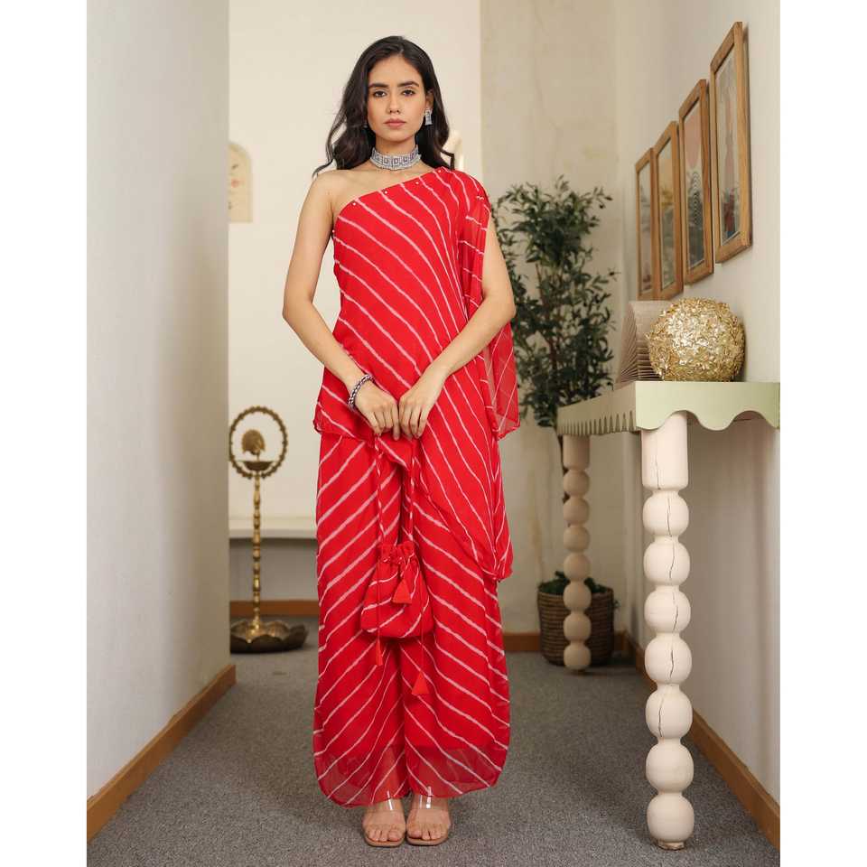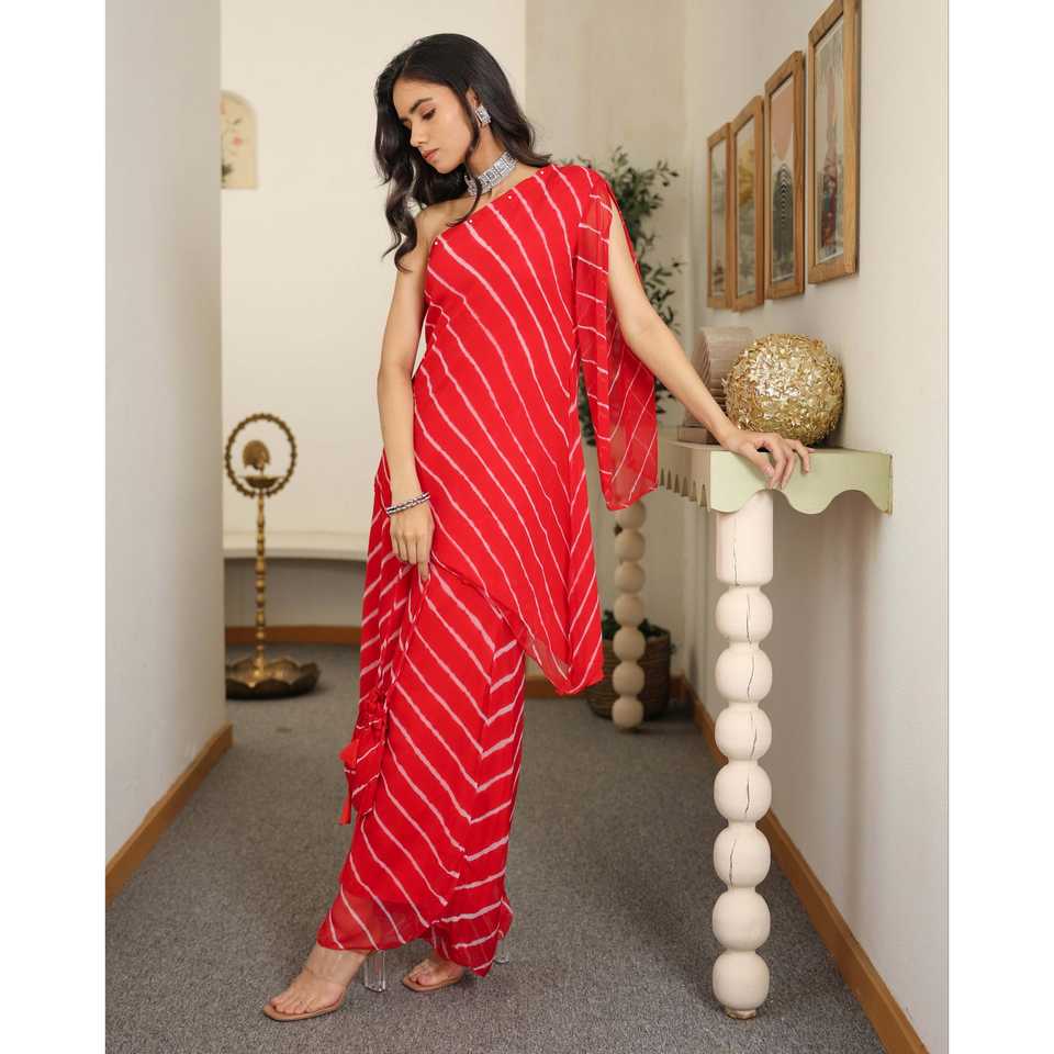 Ensemble Kurta Rouge Asymétrique Lorient pour Usage Quotidien, Taille XS, Coupe Ample et Transparente, Service de Traitement Manuel
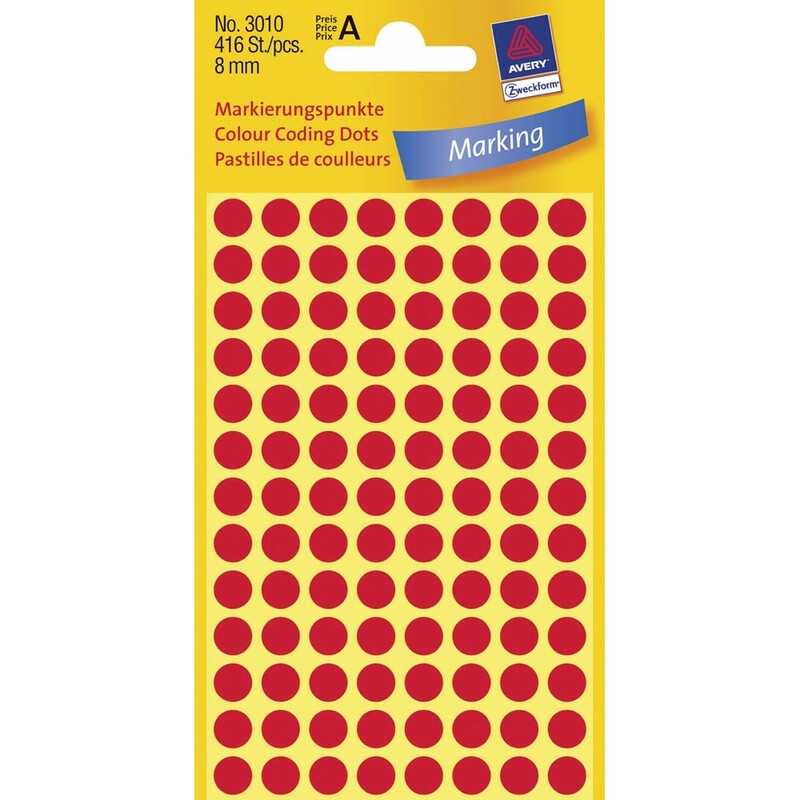 Etiket Avery rød farvekodningsdots Ø8 mm. pakke/416 stk. 3010
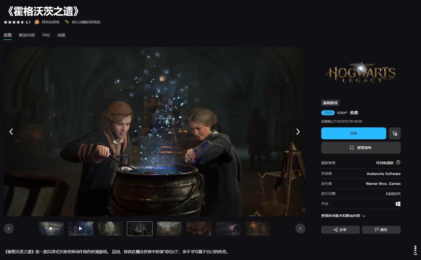 epic 免费游戏 好家伙,Epic 送霍格沃茨之遗了,想玩的小伙伴记得去领!
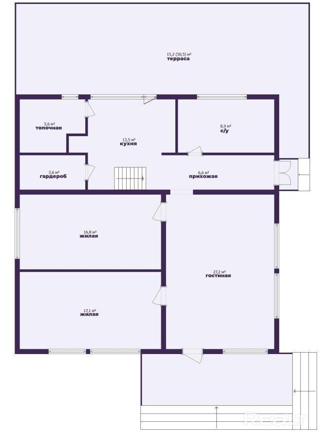 Общая площадь — 201,8 м². На первом этаже расположены гостиная с выходом на террасу, две жилые комнаты, кухня с лестницей на второй этаж, санузел, топочная, гардеробная и прихожая.
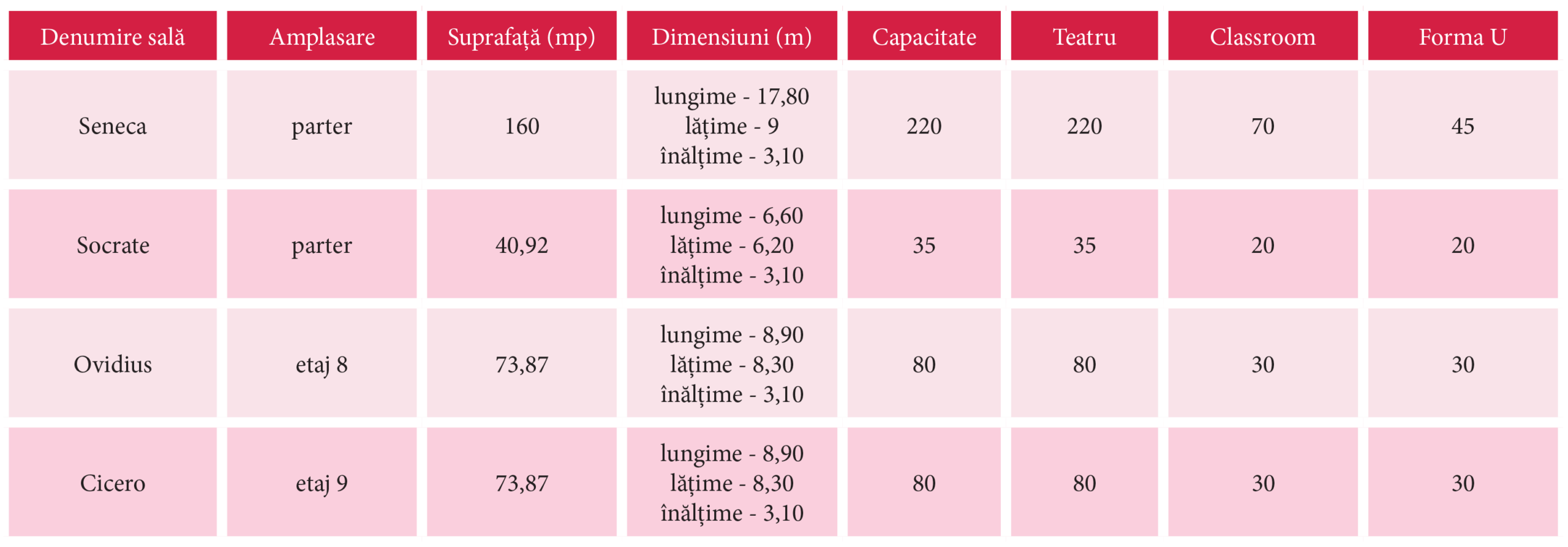 Sălile pot fi configurate în funcție de cerințele evenimentului, în aranjamente de tip teatru, sală de curs, formă U sau cabaret.
□ □ □ □ □
• **TASK BRIEF**:
All that should appear in the response is the run of lines from the one with "Etiket Avery rød" through the final line of the records, restated exactly, with pictures omitted.

• **TASK SOLUTION**:
 Etiket Avery rød farvekodningsdots Ø8 mm. pakke/416 stk. 3010
 epic 免费游戏 好家伙,Epic 送霍格沃茨之遗了,想玩的小伙伴记得去领!
 Общая площадь — 201,8 м². На первом этаже расположены гостиная с выходом на террасу, две жилые комнаты, кухня с лестницей на второй этаж, санузел, топочная, гардеробная и прихожая.
 Sălile pot fi configurate în funcție de cerințele evenimentului, în aranjamente de tip teatru, sală de curs, formă U sau cabaret.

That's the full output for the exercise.